Конечно, во всех этих случаях такую реакционную политику в действительности проводили не «нации», а лишь буржуазные и мелкобуржуазные классы, которые в острейшем противоречии с собственными пролетарскими массами превращают «право на национальное самоопределение» в инструмент своей контрреволюционной классовой политики.
Надежда превратить эти реальные отношения классов в их противоположность посредством «народных голосований», вокруг которых все вращалось в Бресте, вера, что большинство революционных народных масс выскажется за соединение с русской революцией, были, если на это всерьез рассчитывали Ленин и Троцкий, непонятным оптимизмом. Если же это должно было стать лишь тактическим приемом — рапирой в дуэли с германским деспотизмом, то это было опасной игрой с огнем. Даже и без германской военной оккупации пресловутое «народное голосование», если бы до него дошло дело в окраинных странах, при духовном настрое крестьянских масс и широких слоев еще индифферентных пролетариев, при реакционной устремленности мелкой буржуазии и при тысячах средств воздействия буржуазии на голосование, по всей вероятности, повсюду дало бы результат, суливший большевикам мало радости. Ведь можно считать непреложным правилом, что господствующие классы знают, как не допустить подобные народные голосования по национальному вопросу, когда они приходятся им не ко двору, а если голосования все же происходят, то знают, какими средствами и способами можно так повлиять на их результаты, чтобы мы не смогли установить социализм посредством народных голосований.
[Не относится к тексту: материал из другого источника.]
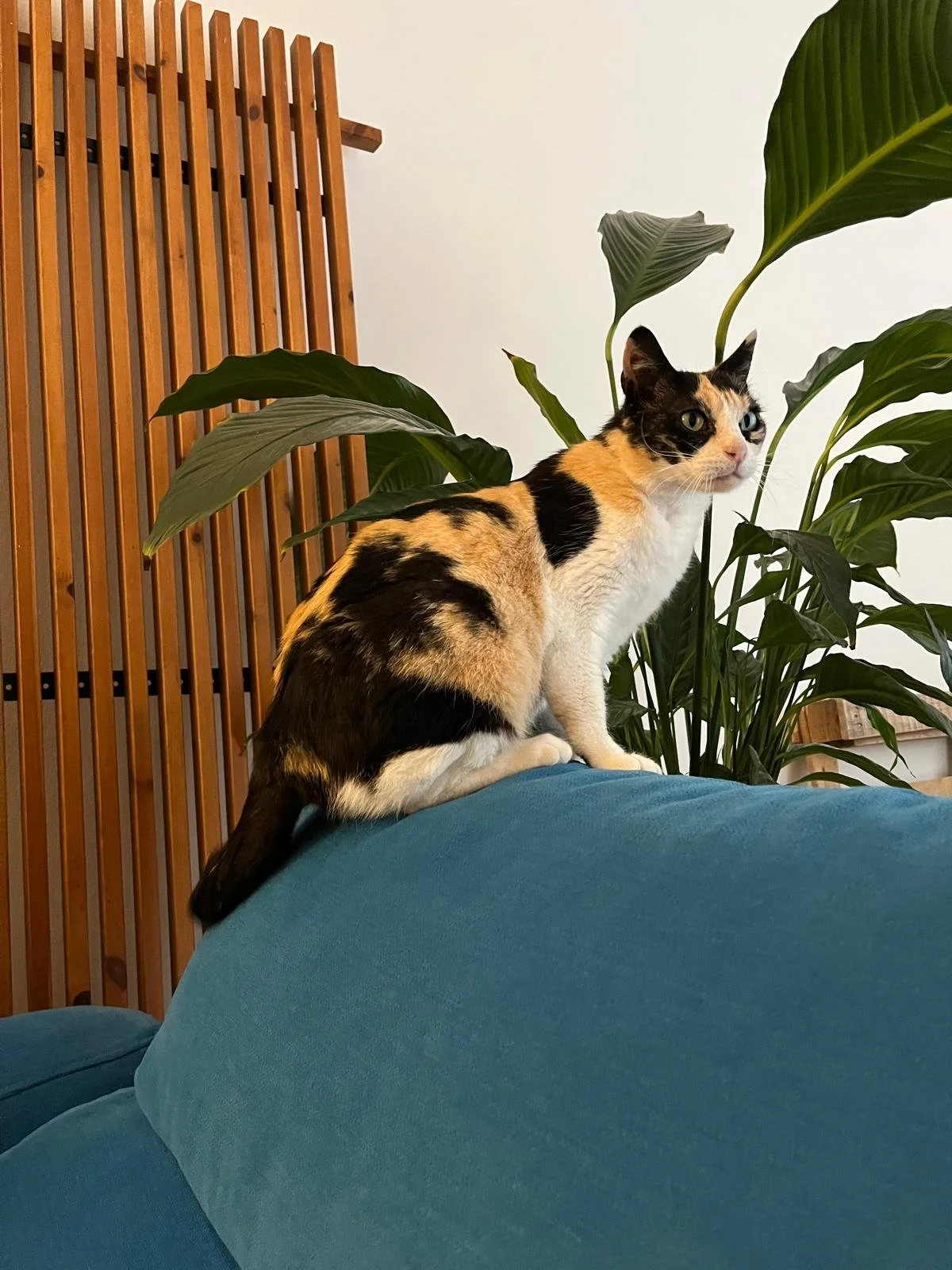 Her personality is a beautiful mix of curiosity and caution. She takes an interest in everything happening around her, but always from the safety she values so much, never venturing too far or for too long. Her favorite observation spot? Without a doubt, the balcony 🌿. She loves watching people and pigeons from the window, and when it’s open, she carefully moves closer to observe the outside world while still feeling safe indoors.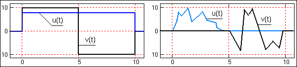 На рисунке 2.3.1 приведены примеры взаимно ортогональных сигналов. Нулевое скалярное произведение двух левых сигналов обеспечивается их формой (равна нулю сумма положительных и отрицательных значений произведения сигналов), а двух правых - взаимным расположением (ненулевые значения сигналов не имеют общих координат).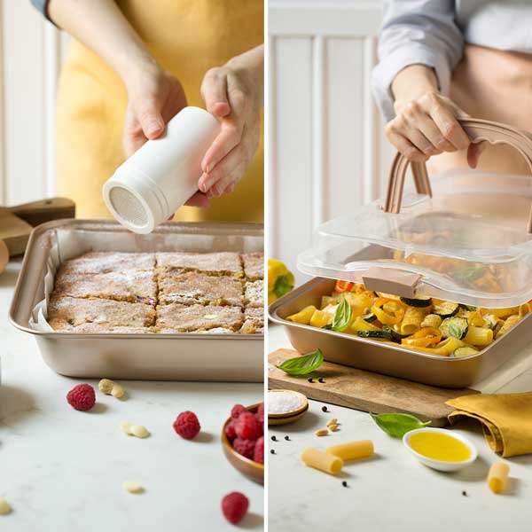 2-delni set, sestavljen iz visokokakovostnega kovinskega kalupa s premazom proti prijemanju in 1 praktičnega pokrova za shranjevanje in prenašanje vaše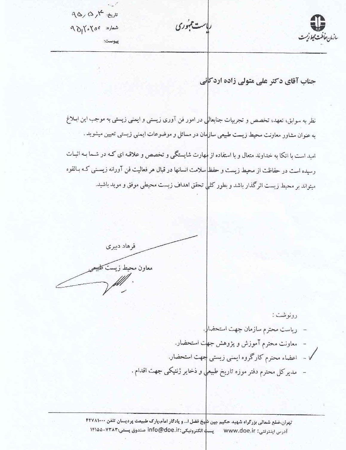 تصویر 6. حکم آقای اردکانی. وی مدت کوتاهی پس از انتشار مطالبی بر علیه محصولات تراریخته به عنوان مشاور معاونت محیط زیست طبیعی سازمان حفاظت محیط زیست تعیین شده است.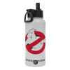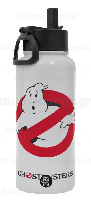 Ghostbusters, Μεταλλικό παγούρι θερμός Λευκό με καλαμάκι και χερούλι (Stainless steel), διπλού τοιχώματος, 950ml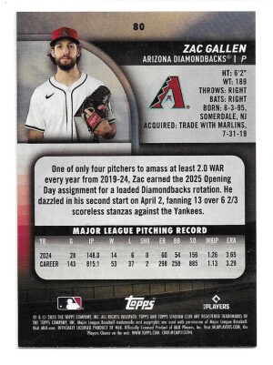 2025 Stadium Club Lime Green #80 Zac Gallen - Arizona Diamondbacks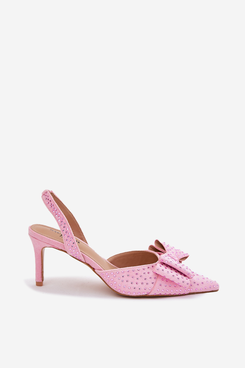 Szpilki Z Kokardką Zdobione Odkryte Pięty Różowe Nilandriela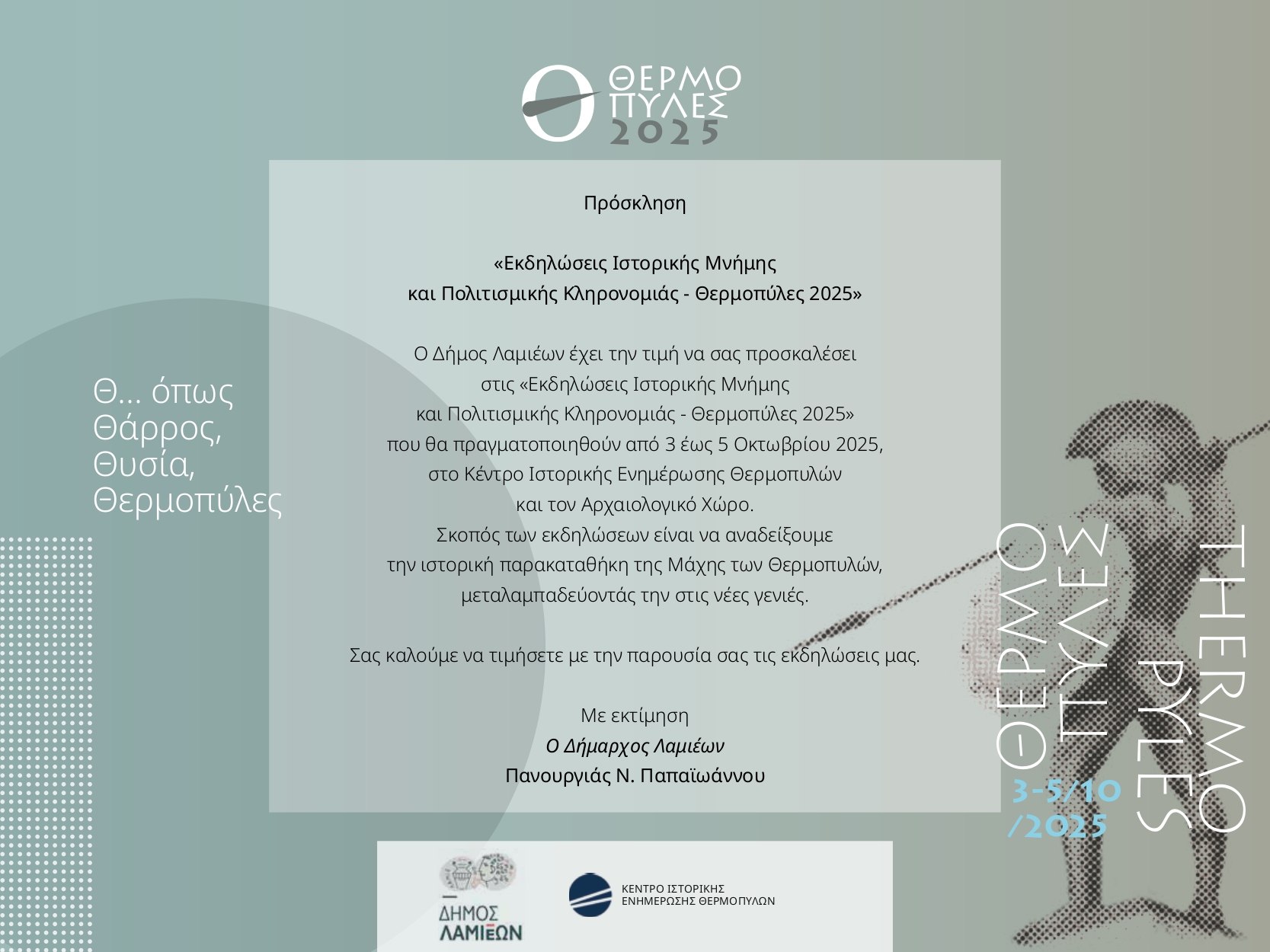 Ο Δήμος Λαμιέων σας προσκαλεί στις Εκδηλώσεις ιστορικής μνήμης και πολιτισμικής κληρονομιάς Θερμοπύλες 2025, για να τιμήσουμε το παρελθόν, να στοχαστούμε το παρόν και να δώσουμε χώρο στον πολιτισμό ως μέσο διαλόγου, μνήμης και συνέχειας.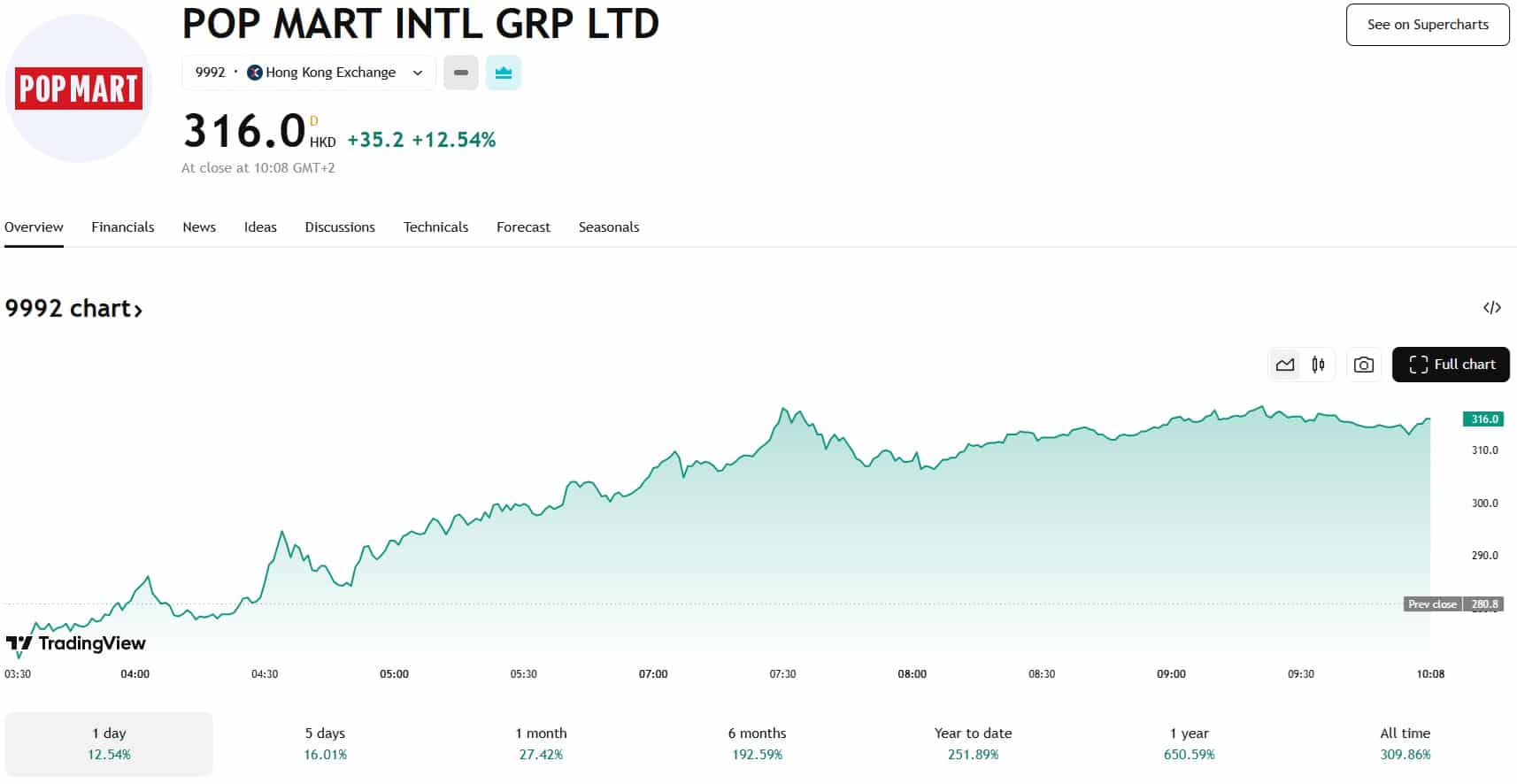 Po publikacji danych spółka Akcje Pop Mart zyskała na giełdzie w ciągu chwili aż 10%. Jej wyniku od początku roku są jeszcze lepsze. W momencie pisania tekstu za jedną akcję firmy trzeba zapłacić 316 HDK (około 40,30 USD). W ujęciu 24-godzinnym akcje podmiotu wzrosły o 12,54%. Natomiast w trakcie ostatniego tygodnia i miesiąca spółka zyskała na wartości odpowiednio 16,01% oraz 27,42%. Od początku roku Pop Mart wzrósł na giełdzie aż o 251,89%.

То, что вопрос о национальных устремлениях и особых тенденциях вообще оказался в центре революционных боев, а Брестским миром был даже выдвинут на первый план и превращен в лозунг социалистической и революционной политики, вызвало замешательство в рядах социалистов и поколебало позиции пролетариата именно в окраинных странах. В Финляндии социалистический пролетариат, пока он вел борьбу как часть единой российской революционной фаланги, уже добился господствующего положения: он обладал большинством в ландтаге, в армии, он обрек буржуазию на полное бессилие и был хозяином положения в стране. Русская Украина была в начале века, еще до изобретения глупостей «украинского национализма» с «карбованцами» и «универсалами», до конька Ленина о «самостийной Украине», цитаделью российского революционного движения. Оттуда, из Ростова и Одессы, из Донбасса уже в 1902–1904 гг. изливались первые потоки революционной лавы, которые зажгли весь Юг России, превратив его в море огня и подготовив взрыв 1905 г.; это же повторилось и в нынешней революции, для которой южнороссийский пролетариат поставил отборные войска пролетарской фаланги. Польша и Балтийские страны были в 1905 г. самыми мощными и надежными очагами революции, в которых социалистический пролетариат играл господствующую роль.
Как же случилось, что во всех этих странах вдруг торжествует контрреволюция? Именно националистическое движение, оторвав [местный] пролетариат от России, парализовало его и выдало национальной буржуазии окраинных стран. Вместо того, чтобы как раз в духе чисто интернациональной классовой политики, которую большевики обычно проводили, стремиться к самому тесному сплочению революционных сил на всех просторах Российской империи, защищать зубами и когтями ее целостность как территории революции, противопоставить — в качестве высшего завета политики — сплоченность и нераздельность пролетариев всех наций в сфере русской революции любым националистическим сепаратистским устремлениям, большевики, напротив, громкой националистической фразеологией о «праве наций на самоопределение вплоть до государственного отделения» дали буржуазии всех окраинных стран самый желательный, самый блестящий предлог, прямо-таки знамя для ее контрреволюционных устремлений. Вместо того чтобы предостеречь пролетариев окраинных стран от любого сепаратизма как чисто буржуазной ловушки и в зародыше подавить сепаратистские стремления железной рукой, использование которой в этом случае соответствовало бы истинному смыслу и духу пролетарской диктатуры, они, напротив, вызвали своим лозунгом замешательство в [народных] массах всех окраинных стран и дали простор демагогии буржуазных классов. Таким содействием национализму они [большевики] сами вызвали, подготовили распад России и этим вложили в руку собственных врагов нож, который те намеревались вонзить в сердце русской революции.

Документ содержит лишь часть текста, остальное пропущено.